ASSIGNMENT:
What is needed here is an exact repetition of the records below, beginning at the line that has "In Equation (3), is" and stopping after the line that has "Premium artwork printed".

INFORMATION SHOWN:
====================

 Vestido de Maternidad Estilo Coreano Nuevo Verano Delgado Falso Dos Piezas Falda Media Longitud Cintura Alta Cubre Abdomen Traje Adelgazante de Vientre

====================

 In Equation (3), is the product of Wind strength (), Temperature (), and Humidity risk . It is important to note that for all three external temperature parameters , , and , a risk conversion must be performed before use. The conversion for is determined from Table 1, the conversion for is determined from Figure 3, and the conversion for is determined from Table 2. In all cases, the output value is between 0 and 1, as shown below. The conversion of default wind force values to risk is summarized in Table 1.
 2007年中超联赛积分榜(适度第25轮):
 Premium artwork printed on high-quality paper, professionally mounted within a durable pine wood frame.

====================

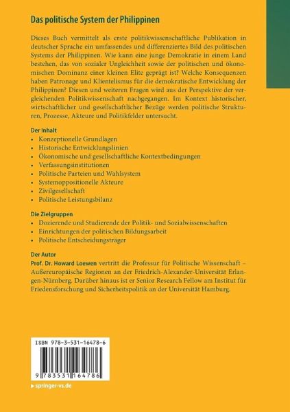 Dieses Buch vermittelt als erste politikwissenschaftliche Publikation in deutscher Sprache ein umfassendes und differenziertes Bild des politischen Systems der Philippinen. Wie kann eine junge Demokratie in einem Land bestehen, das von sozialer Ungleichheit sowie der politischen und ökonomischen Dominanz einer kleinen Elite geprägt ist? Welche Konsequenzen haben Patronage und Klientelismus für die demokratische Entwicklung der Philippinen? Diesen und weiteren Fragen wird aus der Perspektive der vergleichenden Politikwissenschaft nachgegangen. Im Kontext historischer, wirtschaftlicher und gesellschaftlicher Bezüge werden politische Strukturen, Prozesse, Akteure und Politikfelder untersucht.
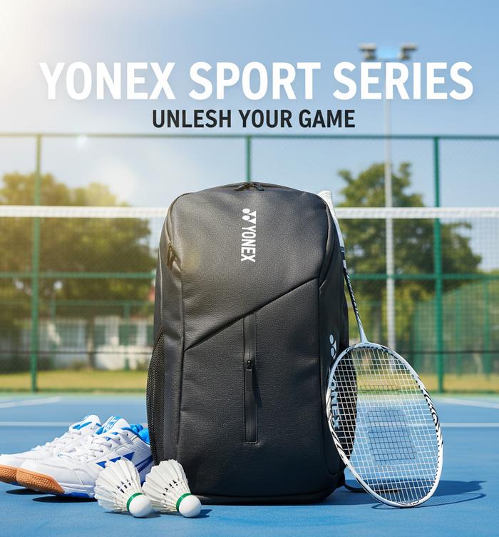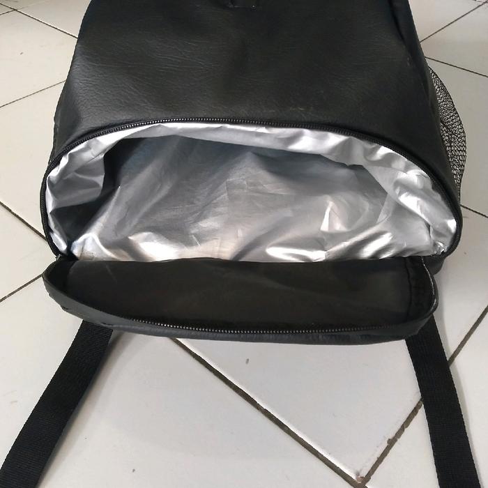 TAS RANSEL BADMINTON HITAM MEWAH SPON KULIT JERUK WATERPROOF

====================

EXERCISE RESPONSE:
 In Equation (3), is the product of Wind strength (), Temperature (), and Humidity risk . It is important to note that for all three external temperature parameters , , and , a risk conversion must be performed before use. The conversion for is determined from Table 1, the conversion for is determined from Figure 3, and the conversion for is determined from Table 2. In all cases, the output value is between 0 and 1, as shown below. The conversion of default wind force values to risk is summarized in Table 1.
 2007年中超联赛积分榜(适度第25轮):
 Premium artwork printed on high-quality paper, professionally mounted within a durable pine wood frame.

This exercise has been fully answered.